The optimal treatment regimens for PTCLs remain undefined, particularly for those with EBV infection who typically have a poor prognosis. This may be attributed to EBV infection leading to extensive methylation, resulting in immune escape and disease progression (Zhang et al. 2022; Ambinder et al. 1999). Our study found that the CHOP plus AZA regimen achieved promising OS for EBER-positive patients (Fig. S2; P = 0.046) and EBER-positive plus partially positive patients (Fig. 5; P = 0.192). This trend was also observed in the AITL cohort, which constituted the largest population (Fig. S3, P = 0.052; Fig. S4, P = 0.286). Despite the limited sample size, these cases provide insights into treatment, suggesting that EBV-infected lymphomas may respond well to hypomethylating agents. Falchi et al. conducted a phase II clinical trial combining AZA and romidepsin, where 48% of patients achieved complete remission (Falchi et al. 2021). Additionally, a patient with AITL and chronic myelomonocytic leukemia preceded by an EBER-positive large B-cell lymphoma showed a favorable response to AZA (Saillard et al. 2017). These findings resonate with our results, supporting the notion that targeting DNA methylation abnormalities could be an effective strategy for patients with EBV-associated lymphomas.

The molecular paradigm of EBV was also investigated. We observed that EBER-positive and partially positive patients were more likely to harbor DNMT3A (P = 0.002), RHOAG17V (P = 0.023), and TET2 mutations (P = 0.032) (Fig. 6). Previous reports have indicated a correlation between TET2 and/or DNMT3A mutations and DNA methylation in hematological tumors (Xie et al. 2020; Lemonnier et al. 2018, Woods and Levine 2015). However, the association of EBV with methylation in PTCL has not been extensively studied. Considering the observed clinical benefit of AZA in EBV-related patients, it is conceivable that hypomethylating agents like AZA could target methylation caused by EBV through DNMT3A or TET2 to improve prognosis. Nonetheless, the detailed genetic features of EBV in PTCL remain unclear. Further studies with larger cohorts are warranted to explore this aspect, especially considering the partial overlap between the subjects of survival analysis and genetic analysis in our study.
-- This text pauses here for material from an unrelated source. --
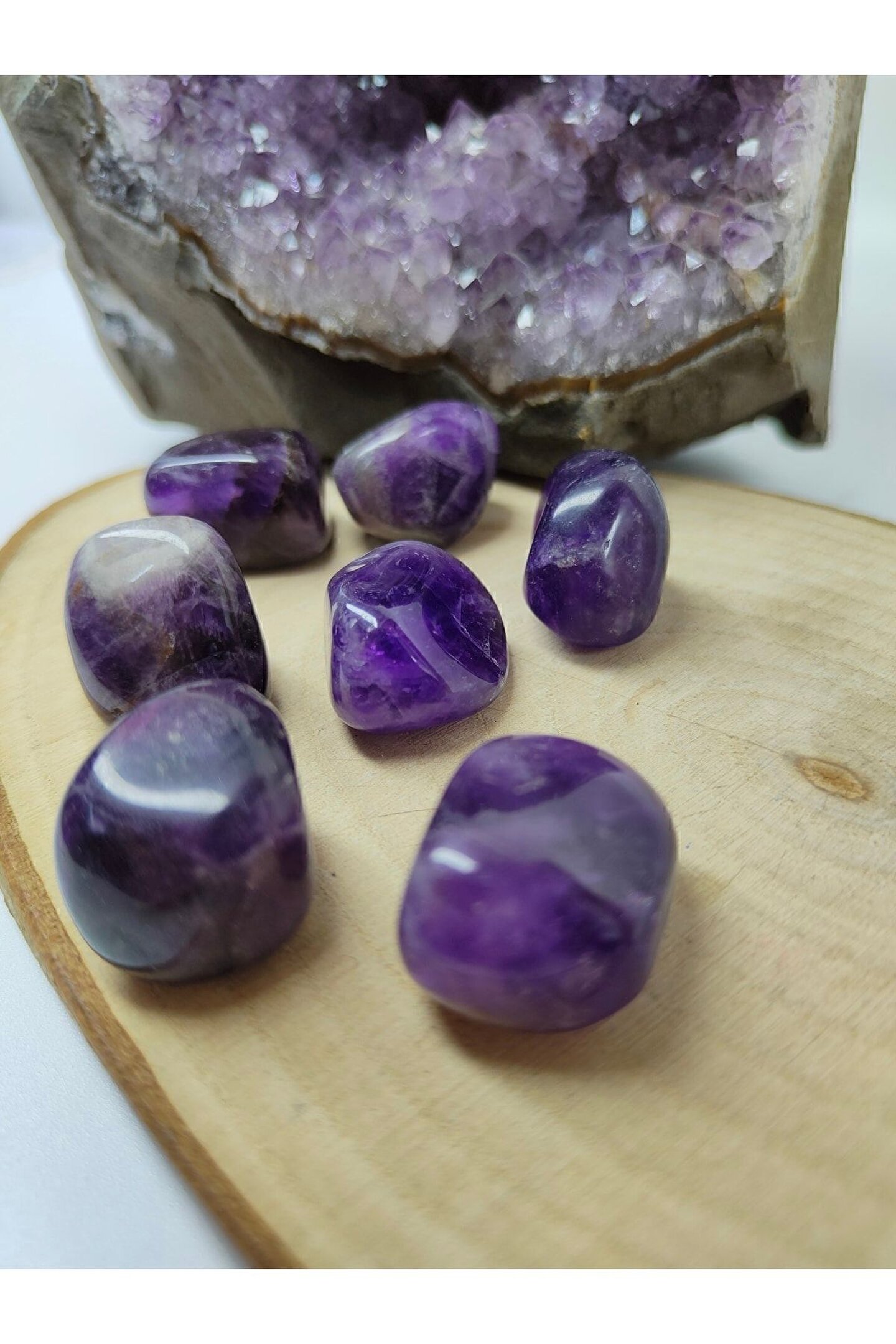 Ürün doğal taş olduğu için renk ve boyutlar küçük farklılıklar gösterebilir.; Doğal Ametist taşı, her bir parça benzersiz ve eşsiz bir görünüm sunar; Doğa severler için ideal bir dekoratif obje olan bu tımbıl, evinizin veya ofisinizin atmosferini doğal bir dokunuşla zenginleştirir; Tek parça halinde gelen bu ürün, minimalist ve sade tasarımıyla dikkat çeker;

Several limitations should be acknowledged in our study. Firstly, its retrospective nature and single-center design with varied therapeutic regimens may introduce bias, despite efforts to mitigate this through comparable clinical characteristics and statistical adjustments. Secondly, the limited sample size of EBV-infected or AZA-treated patients warrants validation in larger prospective cohorts with homogenous treatment approaches. Thirdly, while molecular analysis related to DNA methylation was conducted, there was not complete consistency between the subjects of survival analysis and genetic analysis.

In conclusion, EBER positivity, elevated DNA1, and elevated DNA4 were significantly associated with inferior survival, highlighting the importance of monitoring EBV DNA in newly diagnosed PTCL. Front-line treatment with CHOP plus AZA is possibly good for EBER partially positive and positive patients, who may exhibit high levels of methylation due to DNMT3A or TET2 mutations. However, these speculations require further exploration in larger cohort studies.